Trapping and exciton-exciton annihilation assisted ultrafast carrier dynamics in nanosheets of 2H-MoSe2and Cr doped 1T/2H-MoSe2
Research Highlights from Ultrafast and Terahertz spectroscopy (UFTS) group led by Dr. Kamaraju
Transition metal dichalcogenides (TMDC) in monolayer or few-layers form have attracted significant interest due to their intriguing physical properties, such as layer-dependent band structure, high exciton binding energy, valley selective optical excitation and applications like electrocatalysis, photocatalysis, optoelectronics. The preparation of TMDCs via colloidal synthesis method has been drawing considerable attention recently due to their extremely low-cost fabrication, efficient control over size and shape, and easy implementation in device fabrication via methods such as drop-casting, and spray-coating. Despite several advantages, unintentionally formed defect states in these colloidally synthesized TMDCs are crucial in device- performance and need proper characterization for efficient device formation.

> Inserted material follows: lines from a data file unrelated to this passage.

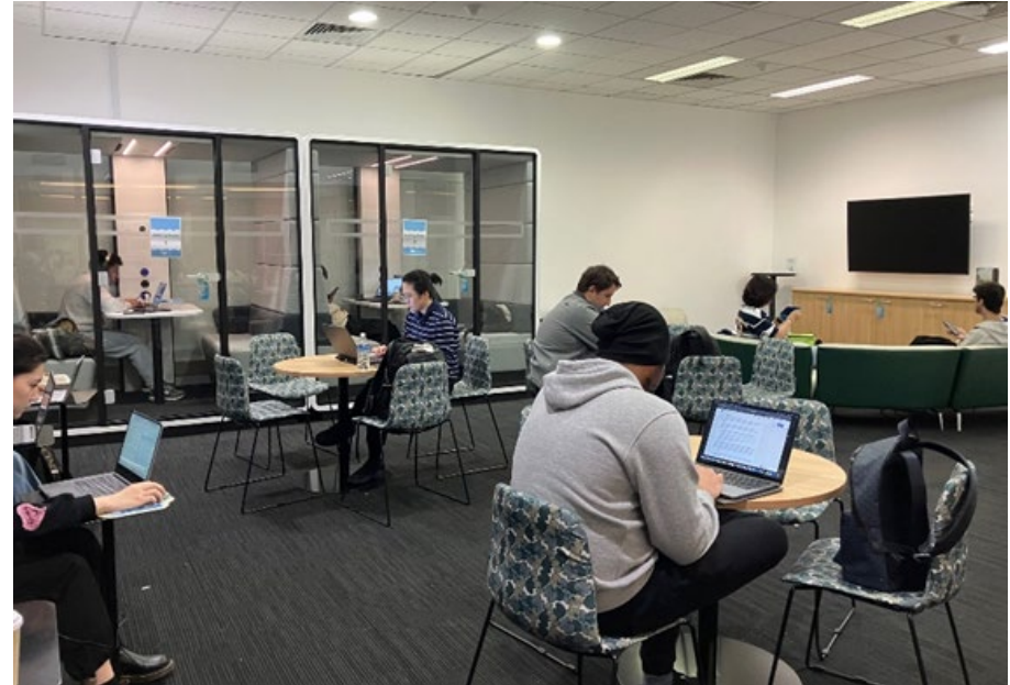
Image: Monash Graduate Association (MGA) graduate lounge refurbishment (Clayton campus) saw the reconfiguration of the lounge space and meeting rooms to accommodate more students, and provide better facilities, including quiet booths and audio-visual equipment.
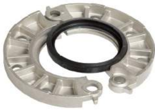
Style 441 Vic-Flange 2 – 6"/DN50 – DN150
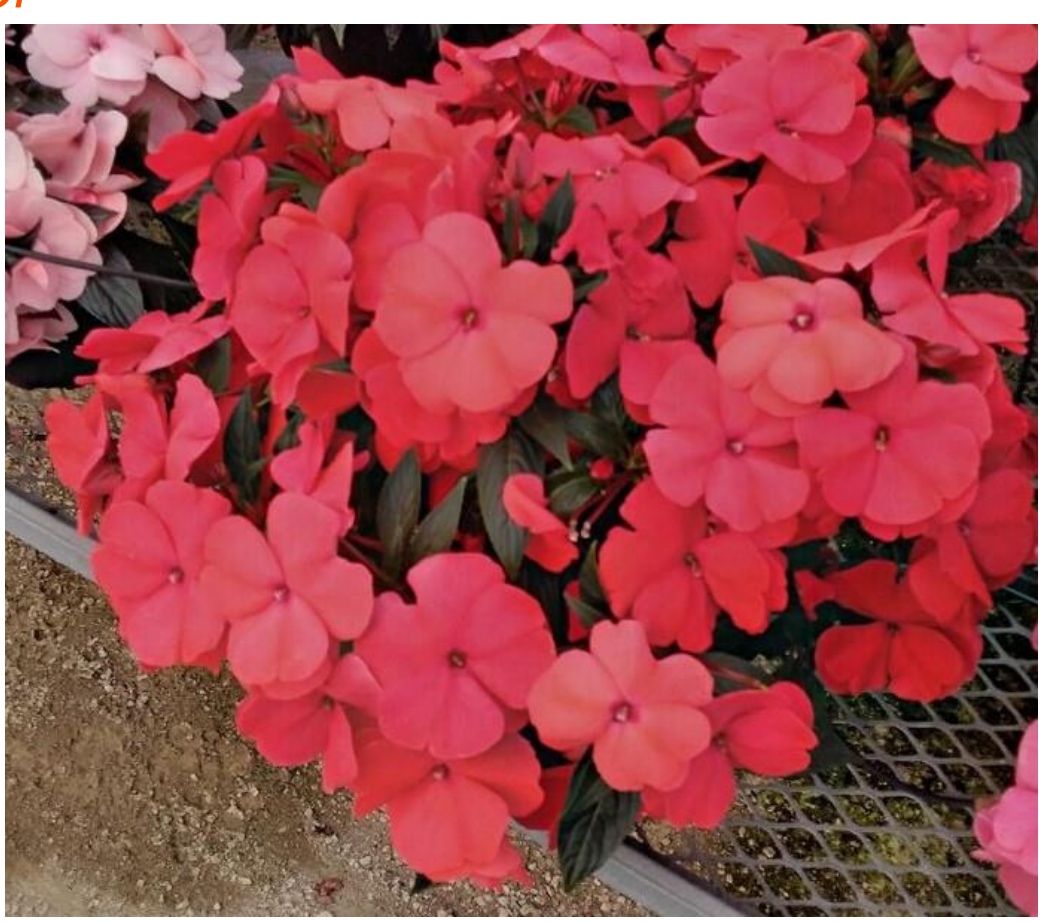
30461 Magnum XL Salmon

In this work we have employed ultrafast time-resolved non degenerate pump–probe spectroscopy to explore the role of defects in carrier dynamics of colloidally synthesized few-layer single-phase 2H-MoSe2 and mixed-phase 1T/2H-MoSe2 nanosheets. Metastable metallic 1T-phase has been introduced via Cr doping to coexist with stable 2H-phase to form stable mixed-phase 1T/2H-MoSe2 nanosheets which has been selected for pump-probe studies to reveal the physical processes governing its enhanced photocatalytic activities compared to 2H-MoSe2. After above bandgap excitation and probing at A-exciton peak, the differential probe transmission data for both the samples show photo-induced bleaching at earlier pump-probe delay followed by photo-induced absorption unveiling signatures of exciton-state filling, exciton trapping, defect-mediated photo-induced probe absorption and recombination of defect bound excitons. Pump-fluence dependent reduction of decay time constants of bound-exciton-recombination and further modelling of exciton population using higher order kinetic rate equation reveals that the two-body exciton-exciton annihilation governs the exciton recombination process initially with a decay rate of ∼10−8 cm3 s −1. Our analysis also suggests that the fraction of total excitons that decay via long decay channel decreases with increasing exciton density for 2H–MoSe2, in contrast to 1T/2H–MoSe2 where the fraction of excitons decaying via long decay channel remains constant, consistent with its higher photocatalytic efficiency. This work estimating crucial parameters such as trapping time, exciton-exciton annihilation rate, and shares of many-body and single-body processes in the exciton-decay should be instrumental in optimizing properties of colloidally synthesized mixed-phase MoSe2 nanosheets for applications like optoelectronics and photocatalysis.
Posted on: November 3rd, 2023